→ **What you should do**:
Write out exactly the lines below starting at the one containing "그리고 요즘에 출시되는" and ending at the one containing "- ходит уверенно, почти". Omit every picture.

→ **The input**:
[Start of section]

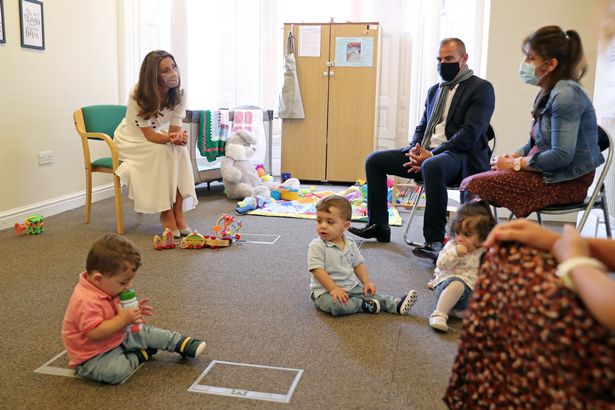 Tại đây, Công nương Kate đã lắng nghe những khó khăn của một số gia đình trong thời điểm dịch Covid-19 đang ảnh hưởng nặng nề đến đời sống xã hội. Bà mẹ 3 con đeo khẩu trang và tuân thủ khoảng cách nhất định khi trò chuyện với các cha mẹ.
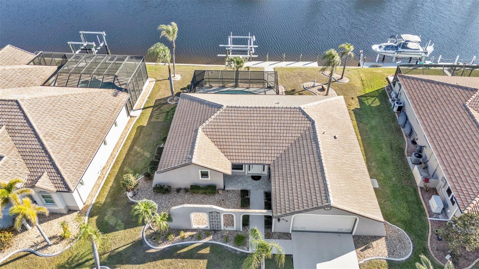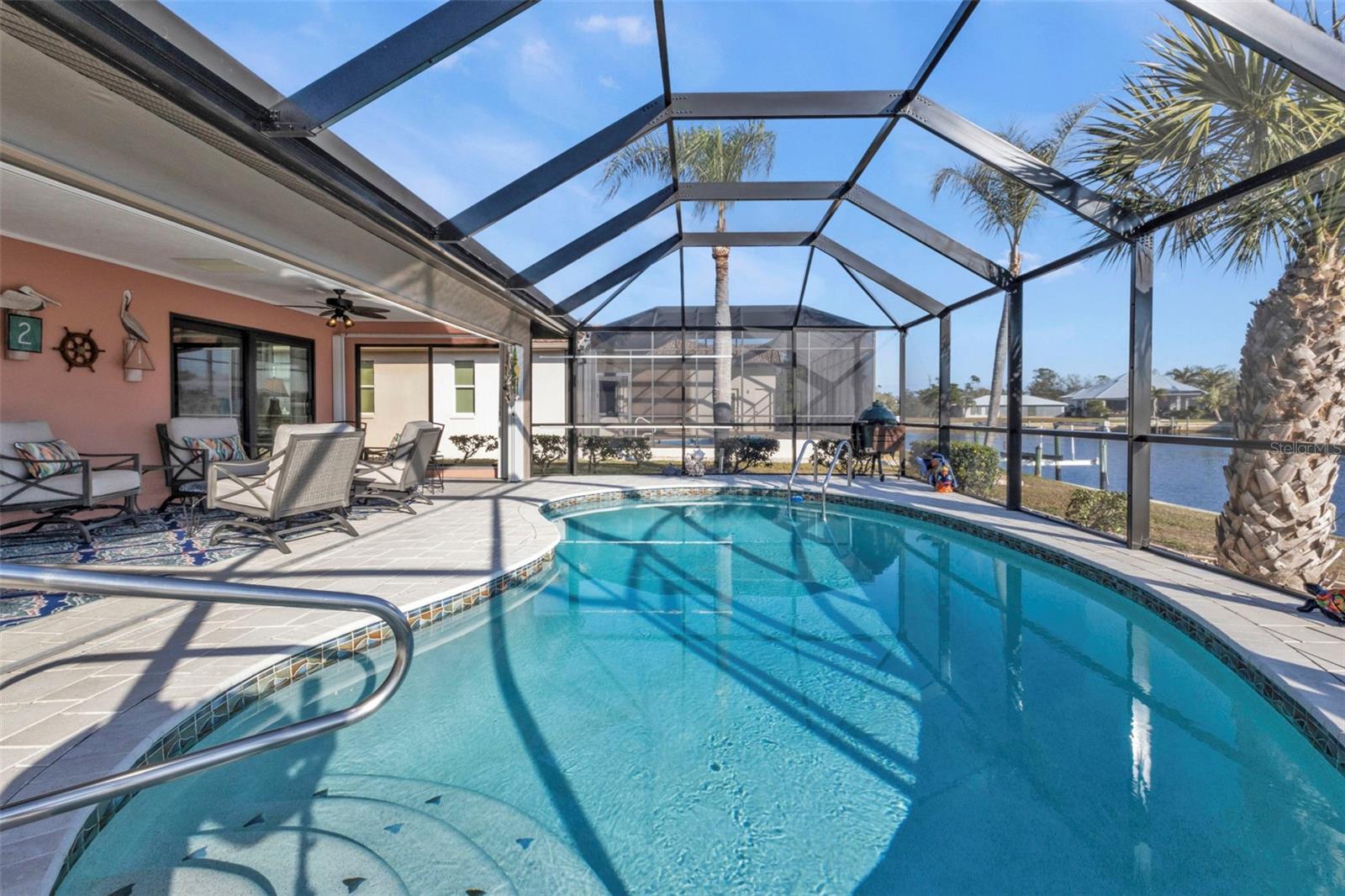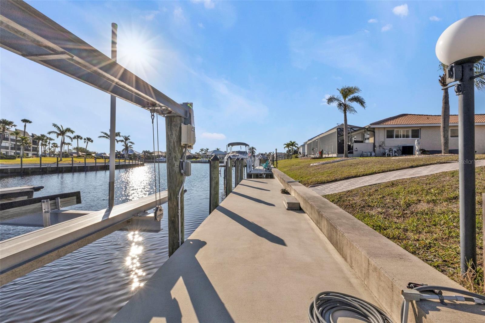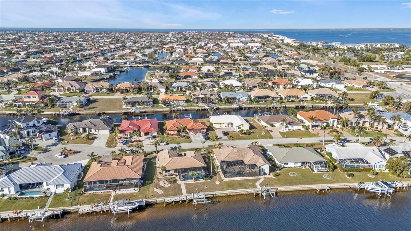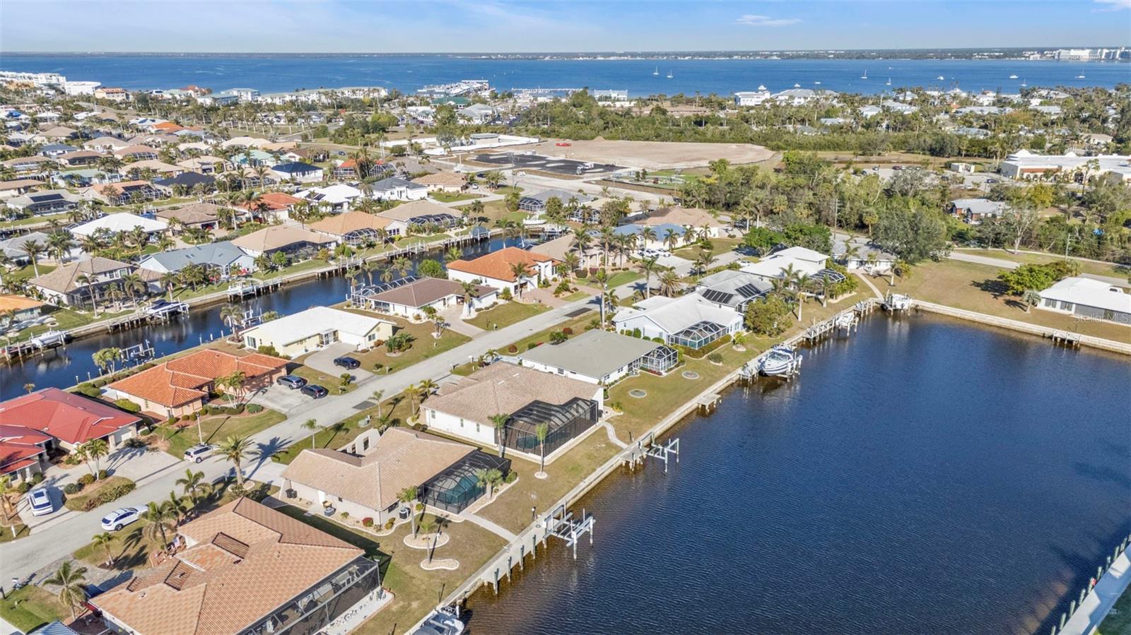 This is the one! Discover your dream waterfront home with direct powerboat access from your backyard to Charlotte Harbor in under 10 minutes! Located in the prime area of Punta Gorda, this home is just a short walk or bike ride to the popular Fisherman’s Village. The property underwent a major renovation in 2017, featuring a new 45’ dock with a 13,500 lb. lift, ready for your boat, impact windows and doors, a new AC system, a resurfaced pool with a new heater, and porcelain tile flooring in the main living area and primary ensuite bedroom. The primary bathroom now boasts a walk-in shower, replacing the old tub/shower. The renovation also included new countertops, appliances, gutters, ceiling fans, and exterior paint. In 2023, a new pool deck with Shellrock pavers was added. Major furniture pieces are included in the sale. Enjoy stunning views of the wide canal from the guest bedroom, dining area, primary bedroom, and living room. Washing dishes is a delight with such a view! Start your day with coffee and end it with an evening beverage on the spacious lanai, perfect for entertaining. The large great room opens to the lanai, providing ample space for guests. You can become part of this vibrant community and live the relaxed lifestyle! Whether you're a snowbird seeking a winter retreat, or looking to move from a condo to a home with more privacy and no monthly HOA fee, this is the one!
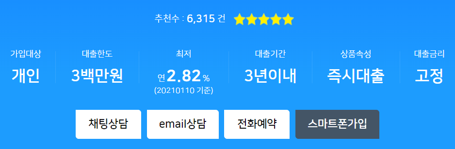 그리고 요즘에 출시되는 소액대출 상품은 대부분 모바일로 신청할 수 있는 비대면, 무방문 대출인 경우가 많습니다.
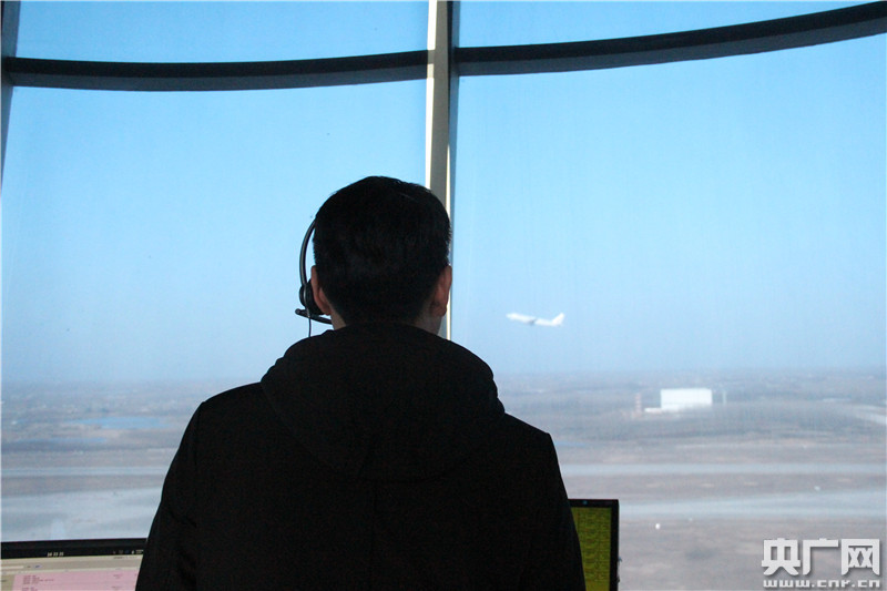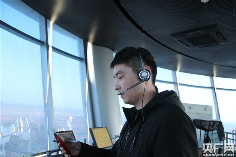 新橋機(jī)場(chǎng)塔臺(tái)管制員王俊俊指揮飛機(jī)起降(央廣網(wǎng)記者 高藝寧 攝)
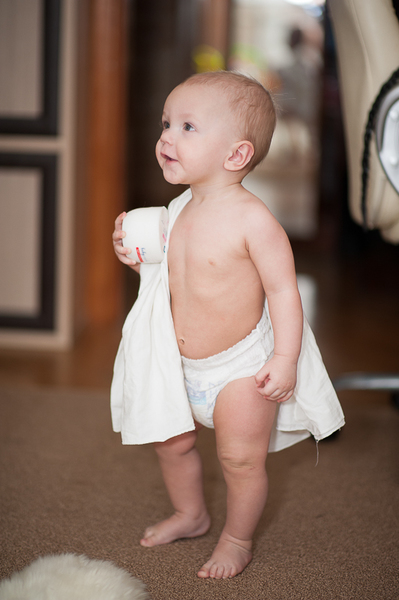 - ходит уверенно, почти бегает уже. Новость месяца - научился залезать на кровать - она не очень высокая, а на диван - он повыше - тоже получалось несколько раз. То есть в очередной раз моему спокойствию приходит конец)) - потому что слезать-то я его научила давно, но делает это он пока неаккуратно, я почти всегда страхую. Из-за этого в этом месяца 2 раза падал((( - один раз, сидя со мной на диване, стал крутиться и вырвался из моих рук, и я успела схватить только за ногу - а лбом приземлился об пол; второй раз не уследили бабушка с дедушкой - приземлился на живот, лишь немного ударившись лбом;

[End of section]
[Start of section]

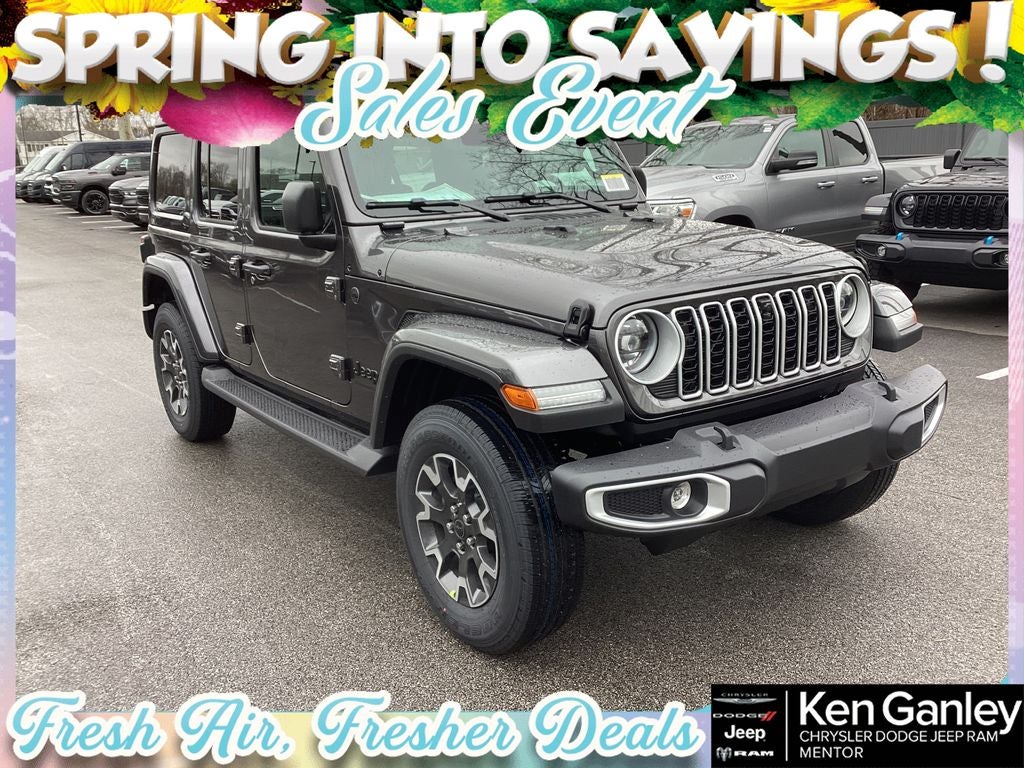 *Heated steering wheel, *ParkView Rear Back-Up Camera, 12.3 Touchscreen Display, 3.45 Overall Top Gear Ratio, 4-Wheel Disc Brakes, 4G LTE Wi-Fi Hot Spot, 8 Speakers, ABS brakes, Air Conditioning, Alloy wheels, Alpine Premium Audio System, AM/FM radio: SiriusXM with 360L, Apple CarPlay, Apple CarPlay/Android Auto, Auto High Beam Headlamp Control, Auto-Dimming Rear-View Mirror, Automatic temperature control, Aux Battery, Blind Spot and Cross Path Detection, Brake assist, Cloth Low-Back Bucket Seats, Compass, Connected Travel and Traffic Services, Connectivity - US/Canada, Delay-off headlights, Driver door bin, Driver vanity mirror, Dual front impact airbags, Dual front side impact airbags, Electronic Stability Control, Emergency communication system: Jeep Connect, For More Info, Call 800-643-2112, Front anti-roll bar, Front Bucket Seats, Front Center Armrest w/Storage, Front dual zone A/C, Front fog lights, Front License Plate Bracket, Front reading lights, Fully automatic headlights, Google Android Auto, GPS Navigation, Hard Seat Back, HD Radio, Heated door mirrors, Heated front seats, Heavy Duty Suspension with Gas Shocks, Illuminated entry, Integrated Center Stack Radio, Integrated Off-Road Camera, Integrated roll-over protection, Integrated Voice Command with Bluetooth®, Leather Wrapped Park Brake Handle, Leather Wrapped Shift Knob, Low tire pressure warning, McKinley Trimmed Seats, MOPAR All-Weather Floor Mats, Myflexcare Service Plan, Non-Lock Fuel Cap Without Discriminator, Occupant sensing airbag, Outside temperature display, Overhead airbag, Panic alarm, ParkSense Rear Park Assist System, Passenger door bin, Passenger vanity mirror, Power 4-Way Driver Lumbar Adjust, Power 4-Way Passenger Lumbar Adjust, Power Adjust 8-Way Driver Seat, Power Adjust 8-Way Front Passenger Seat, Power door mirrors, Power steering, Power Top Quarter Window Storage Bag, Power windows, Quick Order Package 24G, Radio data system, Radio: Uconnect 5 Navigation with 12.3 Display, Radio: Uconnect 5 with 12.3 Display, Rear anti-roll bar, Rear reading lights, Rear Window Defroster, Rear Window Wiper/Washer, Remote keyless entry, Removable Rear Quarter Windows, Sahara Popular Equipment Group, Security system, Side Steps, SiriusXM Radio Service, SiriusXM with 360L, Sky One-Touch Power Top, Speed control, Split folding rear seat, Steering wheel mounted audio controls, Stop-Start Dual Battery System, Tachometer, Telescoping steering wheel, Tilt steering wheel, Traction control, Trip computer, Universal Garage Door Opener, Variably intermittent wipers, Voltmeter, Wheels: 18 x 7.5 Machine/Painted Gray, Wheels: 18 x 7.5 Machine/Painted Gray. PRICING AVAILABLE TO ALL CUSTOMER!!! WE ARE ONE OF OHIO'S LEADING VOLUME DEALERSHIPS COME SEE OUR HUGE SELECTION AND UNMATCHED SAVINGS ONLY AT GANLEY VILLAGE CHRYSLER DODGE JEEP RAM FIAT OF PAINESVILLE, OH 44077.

[End of section]

→ **Result**:
 그리고 요즘에 출시되는 소액대출 상품은 대부분 모바일로 신청할 수 있는 비대면, 무방문 대출인 경우가 많습니다.
 新橋機(jī)場(chǎng)塔臺(tái)管制員王俊俊指揮飛機(jī)起降(央廣網(wǎng)記者 高藝寧 攝)
 - ходит уверенно, почти бегает уже. Новость месяца - научился залезать на кровать - она не очень высокая, а на диван - он повыше - тоже получалось несколько раз. То есть в очередной раз моему спокойствию приходит конец)) - потому что слезать-то я его научила давно, но делает это он пока неаккуратно, я почти всегда страхую. Из-за этого в этом месяца 2 раза падал((( - один раз, сидя со мной на диване, стал крутиться и вырвался из моих рук, и я успела схватить только за ногу - а лбом приземлился об пол; второй раз не уследили бабушка с дедушкой - приземлился на живот, лишь немного ударившись лбом;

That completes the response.